前几日经常有这样的人,被周老板差遣着来她店铺找茬,所以她草木皆兵。
严冬遇赶紧出来制止道:“赵婶婶,这是我大锤叔,是过来找我的。”
阿织娘姓赵,和李大锤年纪相仿,严冬遇就叫她婶婶。
阿织娘立刻放下扫把,不好意思道:“真是对不起,这几天总有人来我店铺捣乱,差点儿打了您,真是对不起。”
李大锤不计较,说:“没事,误会解开就好。”
随后他焦急道:“严姑娘,严老兄他不见了。”
严冬遇手上的茶碗猛地从手上脱落,在地上摔成一片片碎瓷,她慌张道:“我爹怎么会不见了,他平时出去不都是跟你们在一起的吗?”
李大锤懊恼道:“是啊,我今天和严老兄出去买酒喝,中途严老兄找了个茅厕,转眼人就不见了。我和几个弟兄们找了很久,一无所获,我怕出事,就赶紧过来找你。”

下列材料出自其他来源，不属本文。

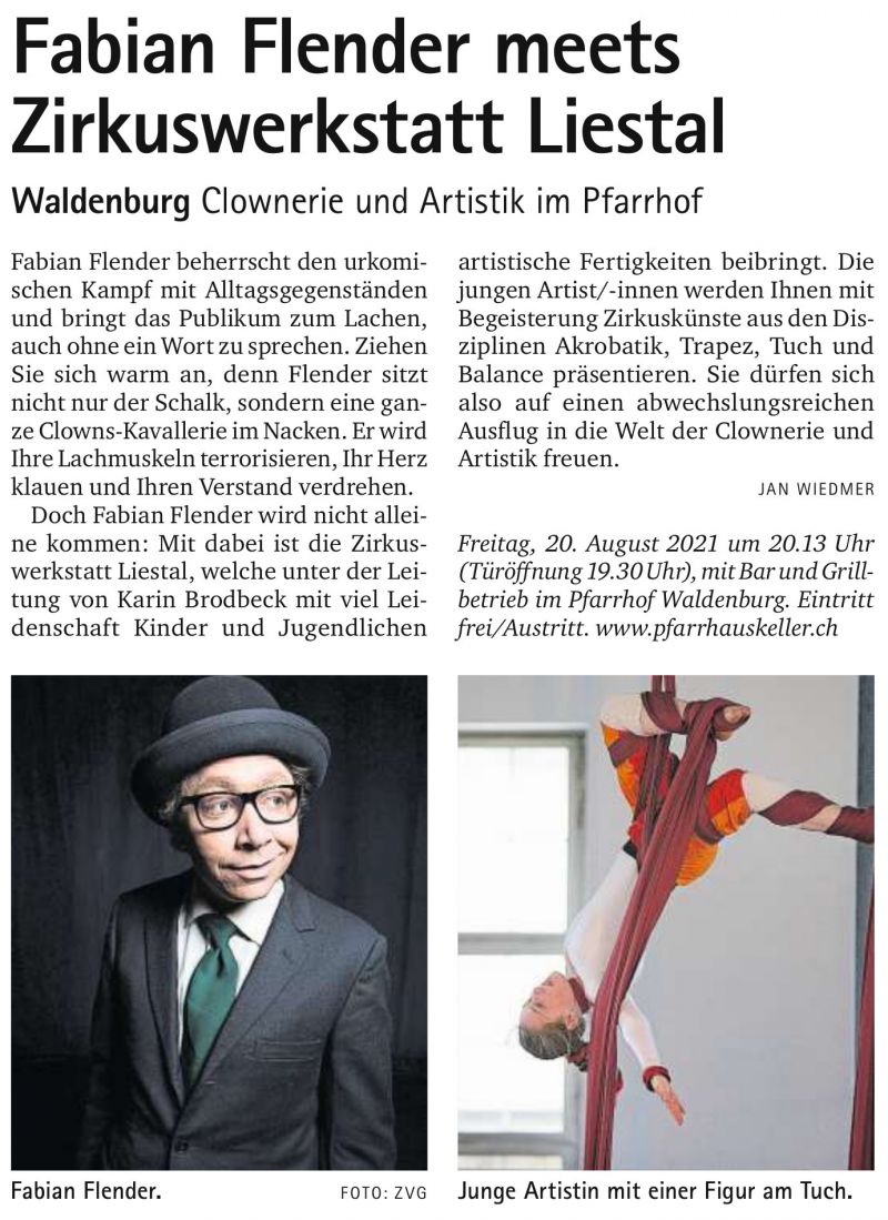 In der Ausgabe vom 12. August 2021 der Oberbaselbieter Zeitung ist ein Bericht zur Aufführung beim "Theater im Pfarrhauskeller" Waldenburg erschienen.
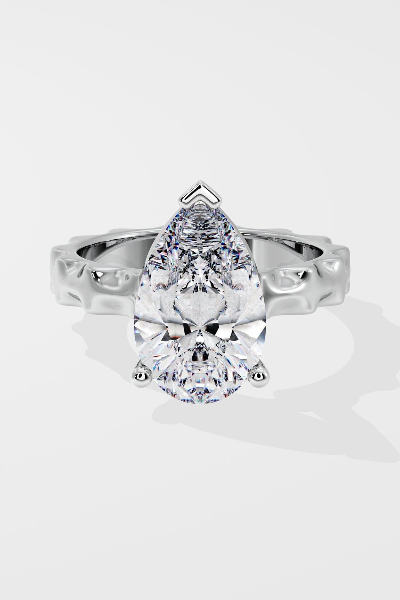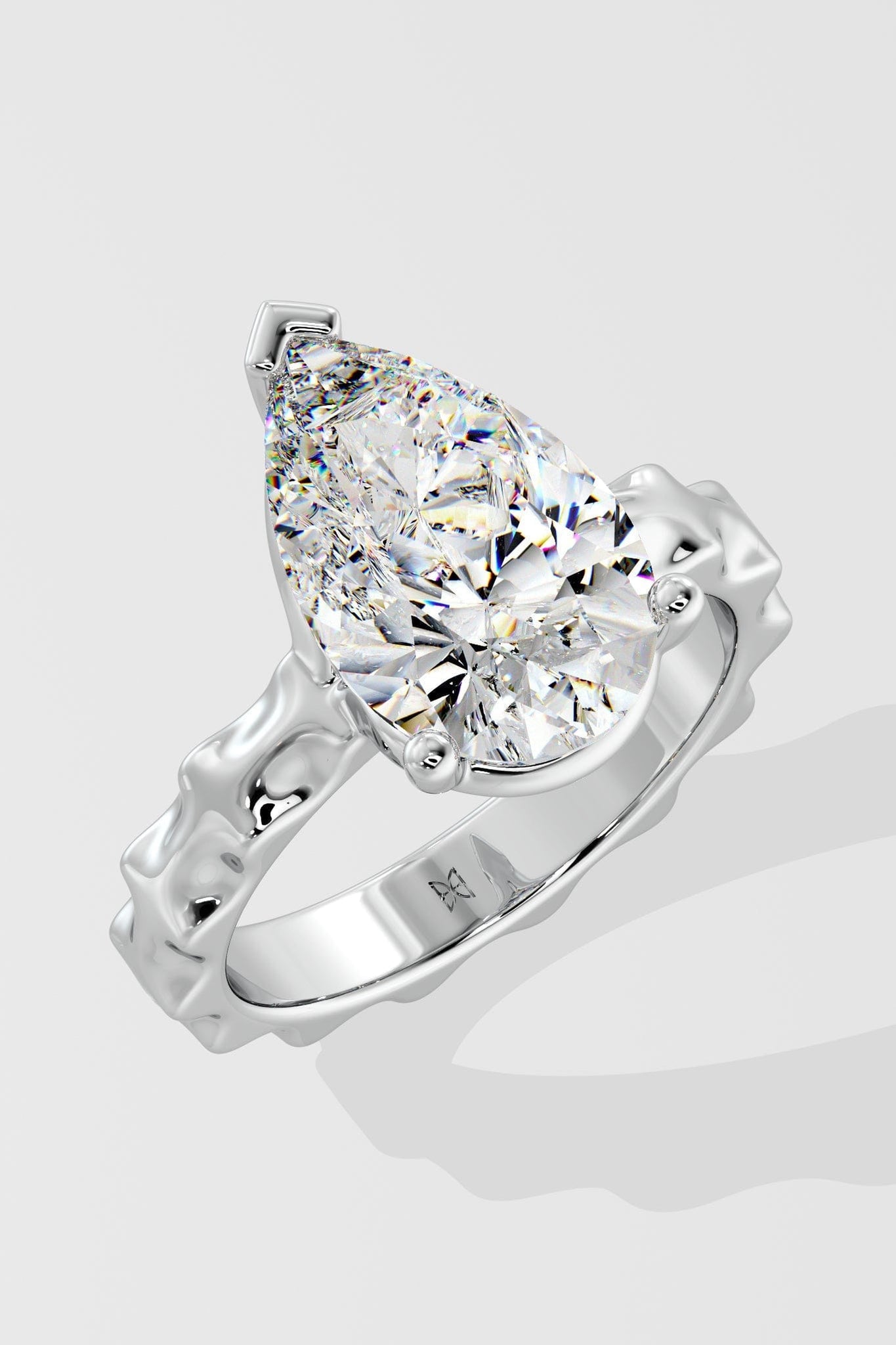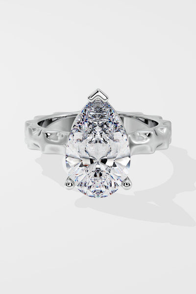 Featuring a stunning 3-carat pear-shaped diamond at its center, the Inegale ring is set on a distinctive hammered band that adds texture and individuality. The stand out shank combine with the dazzling pear makes this one of a kind.
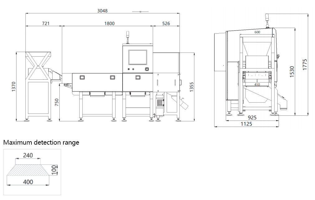 Remarks: The size of the detectable foreign matter is related to the material composition, packaging material, thickness and other parameters in the product. Please refer to the actual product test results.

严冬遇唇色发白,朗显黎赶紧把她搂住,沉声道:“别担心,会找到严伯父的,我跟你一起去找。”
阿织娘让阿织把地上的碎瓷片扫了,而后上前道:“我和周老板起争执之前,看到一伙儿人鬼鬼祟祟地从前面小胡同过去,还抬着一个挺大的麻袋,那麻袋里好像是个人,不会是。。。。。。”
李大锤赶忙问道:“是什么人您知道吗?”
“麻袋里的我不知道到底是不是人,但抬麻袋的几个人,有一个人我认得,鼻尖红红的还长着泡,好像是在这一带的混子头头,好像叫什么齐生。”
严冬遇攥紧拳头,怒火蹭蹭地网上窜。
那该死的齐生一伙儿人,竟然把主意打到她爹头上来了。
正当他们要出去找严老爹时,一个扎着羊角辫的小姑娘突然跑过来,将一封信递给严冬遇道:“给你。”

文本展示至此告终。